» Activity
Only one stretch of the data should be retyped: the lines from the line containing "Step 6 Plan your arpillera" through the line containing "amigo de Baby.". Keep pictures out of it.

(Dataset records)

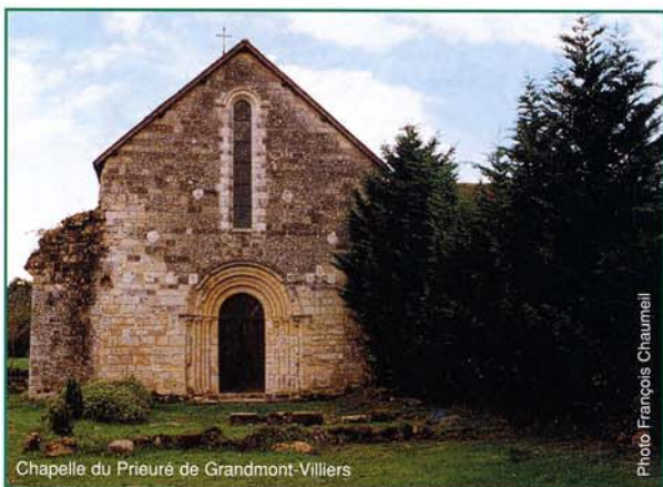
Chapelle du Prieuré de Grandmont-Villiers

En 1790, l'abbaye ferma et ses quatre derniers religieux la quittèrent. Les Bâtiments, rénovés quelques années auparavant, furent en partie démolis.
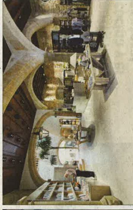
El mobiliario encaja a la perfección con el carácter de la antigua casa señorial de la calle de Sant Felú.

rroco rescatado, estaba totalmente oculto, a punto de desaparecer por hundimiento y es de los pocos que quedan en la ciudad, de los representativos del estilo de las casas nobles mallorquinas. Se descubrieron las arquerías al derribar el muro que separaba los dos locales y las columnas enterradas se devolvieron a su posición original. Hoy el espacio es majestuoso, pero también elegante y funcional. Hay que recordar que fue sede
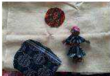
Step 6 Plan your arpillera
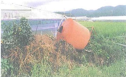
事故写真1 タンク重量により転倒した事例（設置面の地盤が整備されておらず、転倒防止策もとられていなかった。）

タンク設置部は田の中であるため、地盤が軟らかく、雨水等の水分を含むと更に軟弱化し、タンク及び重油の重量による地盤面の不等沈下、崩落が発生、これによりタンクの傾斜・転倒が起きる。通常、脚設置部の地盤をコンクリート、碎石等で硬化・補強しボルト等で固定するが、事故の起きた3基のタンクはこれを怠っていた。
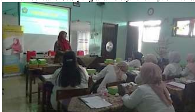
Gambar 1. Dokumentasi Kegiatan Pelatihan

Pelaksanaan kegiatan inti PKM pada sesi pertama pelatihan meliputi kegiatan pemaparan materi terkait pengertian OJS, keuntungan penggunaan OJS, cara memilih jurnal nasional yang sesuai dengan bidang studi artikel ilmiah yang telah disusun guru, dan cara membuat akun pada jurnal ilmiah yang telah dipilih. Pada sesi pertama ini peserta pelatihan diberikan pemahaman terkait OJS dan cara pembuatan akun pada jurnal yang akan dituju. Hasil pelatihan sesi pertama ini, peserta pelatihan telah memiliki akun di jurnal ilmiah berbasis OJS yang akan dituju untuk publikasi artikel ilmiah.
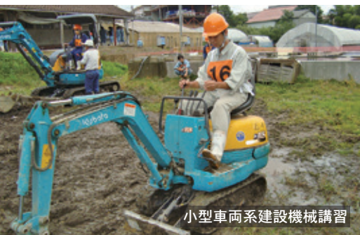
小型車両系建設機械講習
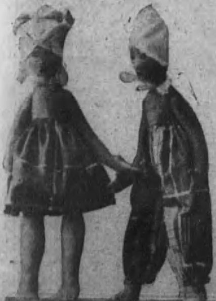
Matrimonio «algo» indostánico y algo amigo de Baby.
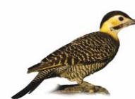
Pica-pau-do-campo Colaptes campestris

...

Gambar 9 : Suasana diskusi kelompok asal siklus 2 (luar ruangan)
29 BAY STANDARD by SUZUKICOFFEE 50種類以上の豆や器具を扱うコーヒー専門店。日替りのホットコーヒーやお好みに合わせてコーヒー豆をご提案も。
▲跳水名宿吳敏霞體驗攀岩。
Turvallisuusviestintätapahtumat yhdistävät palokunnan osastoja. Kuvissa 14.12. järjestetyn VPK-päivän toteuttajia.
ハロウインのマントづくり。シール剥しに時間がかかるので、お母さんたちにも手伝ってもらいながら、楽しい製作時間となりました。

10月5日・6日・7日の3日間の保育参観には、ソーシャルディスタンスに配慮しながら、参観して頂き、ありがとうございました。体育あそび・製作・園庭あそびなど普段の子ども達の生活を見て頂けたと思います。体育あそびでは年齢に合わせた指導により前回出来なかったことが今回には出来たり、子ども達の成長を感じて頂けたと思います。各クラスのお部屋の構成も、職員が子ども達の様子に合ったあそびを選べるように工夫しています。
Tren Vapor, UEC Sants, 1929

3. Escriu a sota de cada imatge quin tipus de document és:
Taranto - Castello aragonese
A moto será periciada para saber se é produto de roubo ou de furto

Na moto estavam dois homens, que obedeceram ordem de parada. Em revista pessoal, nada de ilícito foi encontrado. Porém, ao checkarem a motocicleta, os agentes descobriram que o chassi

» Response to the exercise
Step 6 Plan your arpillera
事故写真1 タンク重量により転倒した事例（設置面の地盤が整備されておらず、転倒防止策もとられていなかった。）

タンク設置部は田の中であるため、地盤が軟らかく、雨水等の水分を含むと更に軟弱化し、タンク及び重油の重量による地盤面の不等沈下、崩落が発生、これによりタンクの傾斜・転倒が起きる。通常、脚設置部の地盤をコンクリート、碎石等で硬化・補強しボルト等で固定するが、事故の起きた3基のタンクはこれを怠っていた。
Gambar 1. Dokumentasi Kegiatan Pelatihan

Pelaksanaan kegiatan inti PKM pada sesi pertama pelatihan meliputi kegiatan pemaparan materi terkait pengertian OJS, keuntungan penggunaan OJS, cara memilih jurnal nasional yang sesuai dengan bidang studi artikel ilmiah yang telah disusun guru, dan cara membuat akun pada jurnal ilmiah yang telah dipilih. Pada sesi pertama ini peserta pelatihan diberikan pemahaman terkait OJS dan cara pembuatan akun pada jurnal yang akan dituju. Hasil pelatihan sesi pertama ini, peserta pelatihan telah memiliki akun di jurnal ilmiah berbasis OJS yang akan dituju untuk publikasi artikel ilmiah.
小型車両系建設機械講習
Matrimonio «algo» indostánico y algo amigo de Baby.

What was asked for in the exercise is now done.